Miguel V. González (Ciudad de México, 1994). Egresado de la licenciatura en Lengua y Literaturas Hispánicas de la FES Acatlán de la UNAM. Ha publicado en Punto en Línea UNAM y Revista Enchiridion de la Facultad de Filosofía, Universidad Autónoma de Querétaro. Autor de La matriz que nos mantiene dormidos (Super Ediciones Prisma, 2019). Becario del Festival Cultural Interfaz ISSSTE Cultura “Los signos en rotación” 2018 en la categoría Poesía.
Otro poema de explosiones
Ada Lovelace programó mi corazón
para que mis lágrimas tuvieran forma de ecuaciones.
Mi tristeza es un código binario.
Mi dolor, una planta que crece dentro de un software.
Sus raíces destrozaron el organismo de metal
y me dejaron ver el brillo de la naturaleza.
Pienso que me gustaría estar programado no con números
sino con el lenguaje de las estrellas.
De repente explotar.
Vivir en la memoria de un perro que mira el espacio con el estómago vacío.
Y arrancar del cielo la esperanza de poder abrir los ojos y ser más de lo que soy ahora.
Los recuerdos de mi niñez no me pertenecen.
La realidad se desdobla y me deja ver mis manos sintéticas:
La infinidad de universos que habitan en las llemas de mis dedos.
Sábado 8 de diciembre: la hora de las bicicletas.
Mi orina es un unicornio que cabalga libre
mientras yo me retuerzo entre un teléfono y un poste.
Estoy borracho.
Mis programadores lo creyeron imposible,
pero aquí estoy,
parado frente a las creaciones del hombre.
Decepcionándolos a todos.
Quisiera decir que lo siento pero no es así.
No tengo ganas de arrepentirme.
Quiero reafirmar cada mancha en la piel de este monumento eléctrico.
Mañana pagaré con una sed insoportable por mis crímenes.
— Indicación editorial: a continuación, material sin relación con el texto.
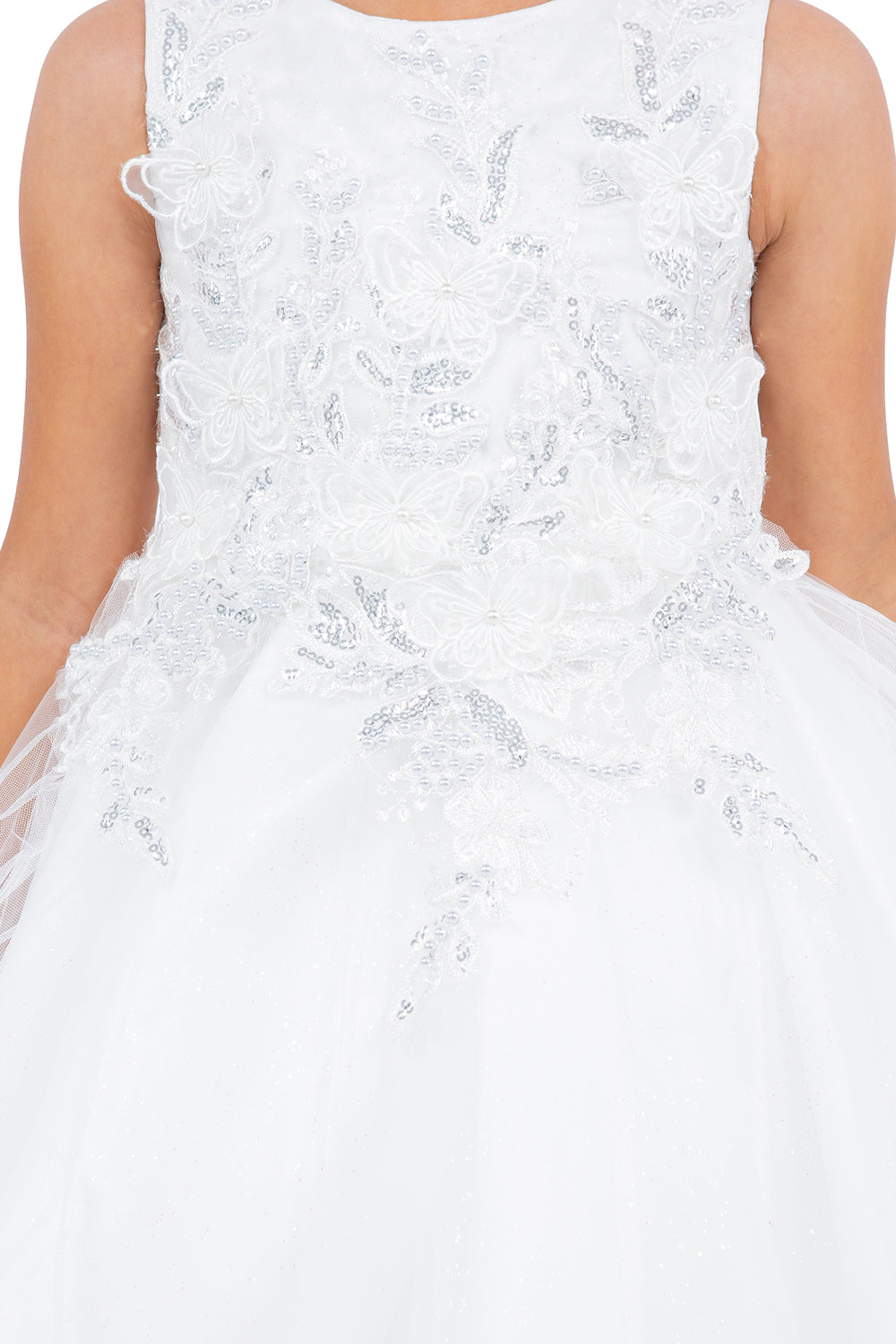 The Nadia Short Pageant Dress is a dazzling choice for young girls who want to shine. Featuring a glittery tulle skirt and intricately detailed floral appliqués, this dress offers a perfect combination of sparkle and elegance. Designed with a comfortable fit and a sleeveless bodice, it’s ideal for pageants, birthdays, and special occasions. Available in lovely pink and classic white, the dress ensures your little one will steal the spotlight.

Hoy no.
Entre los horrores que ha vivido esta noche carmesí,
un beso con ternura en la piel del tono telefónico.
Una llamada que no llegará nunca.
Me duelen los pies.
Le he fallado a una sociedad que esperaba el doble de mí.
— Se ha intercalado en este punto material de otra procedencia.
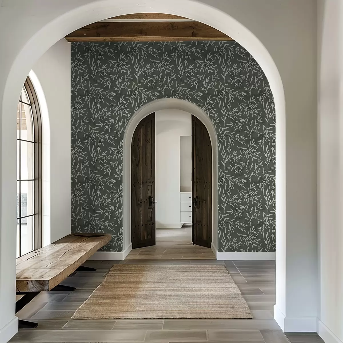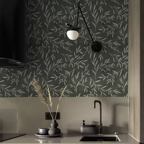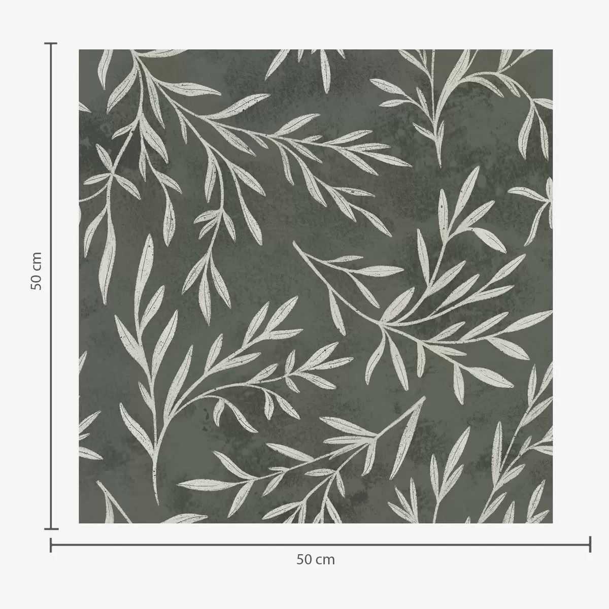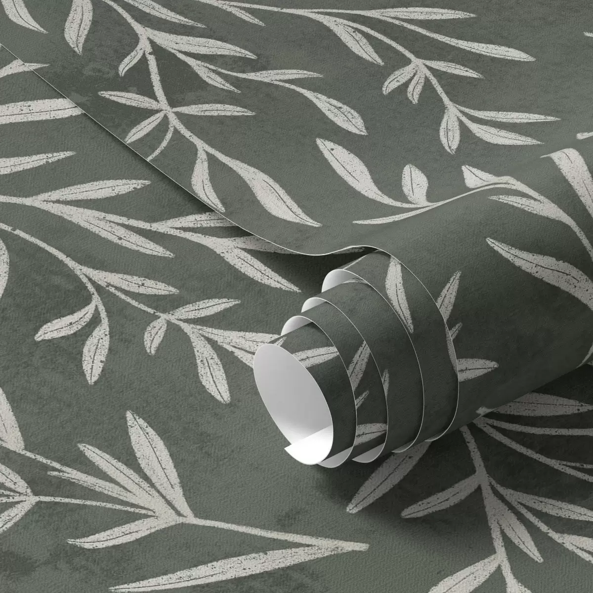 Behang Geschetste witte takken op een diep saliegroene achtergrond Nr. a00936v2

No pude darles ni la mitad,
y en su enojo me arrancaron todas las sonrisas que pude haber dibujado.
Les enfada mi condición de millenial.
Mis largas jornadas de escribir poemas en las pantallas de internet.
¿Y si consiguiera un par de monedas por ello? ¿Acaso me verían con mejores ojos?
Pero no es así,
la riqueza virtual no me pertenece, me es ajena.
No me queda más remedio que montar mi bicicleta,
llegar a casa en este estado etílico
y enfrentarme a la decepción familiar.
Este será mi único acto de valor:
levantarme temprano y asistir crudo al trabajo.